Set the output properties as you wish and call transform() as in your sample code. The result should be what you desired, but I have not tested this in Java. The given XSLT file is tested for some trivial cases and there is a sample input and output at the end of this answer.
Some minor notes:
The original document object is not modified in this process.
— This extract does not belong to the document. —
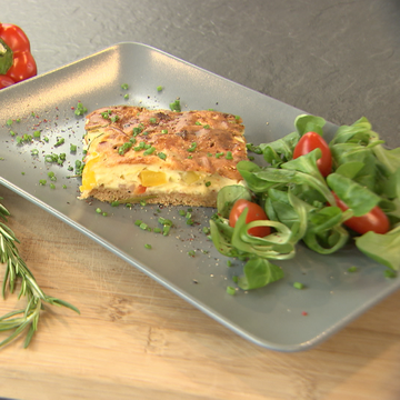 Die Paprika in kleine Stücke schneiden und optional mit Schinken und Speck verrühren.
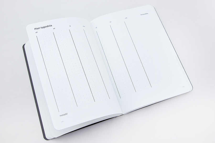 Planner nie ma wpisanych konkretnych dat (uzupełnisz je sobie sam), niezależnie od tego, kiedy zaczniesz, zawsze wystartujesz we właściwym czasie. Został skonstruowany tak, aby korzystać z niego przez 12 tygodni (ok. 3 miesiące), które zostały podzielone na 6 cykli. Każdy cykl trwa 2 tygodnie i poprzedzony jest „rozkminą”, która podejmuje za każdym razem inny ważny, interesujący i rozwojowy temat.

The new default namespace only appears in the output of the transform() method.
The namespace prefix for schema-instance namespace is usually xsi:, not xs: as in your example code (xs: is used in schema definitions (as well as xsd:)) .
Sample input and output for the XSLT stylesheet shown above
Input:
<root>
<child>text</child>
<child attribute="attr-value"/>
<?pi-target pi-content?>
<nsx:ns-child xmlns:nsx="ns1x">
<no-ns-child>text</no-ns-child>
<!-- comment -->
<nsx:ns-child nsx:ns-attribute="nsx-attr-value">text</nsx:ns-child>
</nsx:ns-child>
<defns-child xmlns="default-ns">
<def-child attr="val">text</def-child>
<child xmlns=""/>
</defns-child>
<child>text</child>
</root>
Output:
<?xml version="1.0" encoding="UTF-8"?>
<root xmlns="namespaceURL" xmlns:xsi="http://www.w3.org/2001/XMLSchema-instance" xsi:schemaLocation="namespaceURL pathToMySchema.xsd">
<child>text</child>
<child attribute="attr-value"/>
<?pi-target pi-content?>
<nsx:ns-child xmlns:nsx="ns1x">
<no-ns-child>text</no-ns-child>
<!-- comment -->
<nsx:ns-child nsx:ns-attribute="nsx-attr-value">text</nsx:ns-child>
</nsx:ns-child>
<defns-child xmlns="default-ns">
<def-child attr="val">text</def-child>
<child xmlns="namespaceURL"/>
</defns-child>
<child>text</child>
</root>
You can add the namespaces in the root when creating the document.
String NS_URL = "namespaceURL";
doc = builder.newDocument();
Element root = doc.createElementNS(NS_URL, "root");
root.setAttributeNS("http://www.w3.org/2001/XMLSchema-instance",
"xs:schemaLocation", NS_URL + " pathToMySchema.xsd");
doc.appendChild(root);
Then for each element added to the doc instead of createElement() use createElementNS()
doc.createElementNS(NS_URL, name);
This results in what you were looking for.
<root
xmlns="namespaceURL"
xmlns:xs="http://www.w3.org/2001/XMLSchema-instance"
xs:schemaLocation="namespaceURL pathToMySchema.xsd"
>
Here's how to give a hint to the parser in order to solve your problem:
http://bytes.com/topic/java/answers/16892-xerces-how-perfrom-schema-validations-without-using-xsi-schemalocation
It goes like this:
DocumentBuilderFactory dbf = DocumentBuilderFactory.newInstance();
dbf.setNamespaceAware(true);
dbf.setValidating(true);
dbf.setAttribute("http://java.sun.com/xml/jaxp/properties/schemaLanguage",
"http://www.w3.org/2001/XMLSchema");
dbf.setAttribute("http://java.sun.com/xml/jaxp/properties/schemaLocation",
"http://www.example.com/Report.xsd");
Here is a validation example with some source code. It might help you.
http://www.ibm.com/developerworks/xml/library/x-tipvalschm/
(If all comes to worse, you can always search-and-replace. I know it is not the ideal solution, but the javax.xml.transform.OutputKeys doesn't seem to have a member related to the schemalocation attribute.)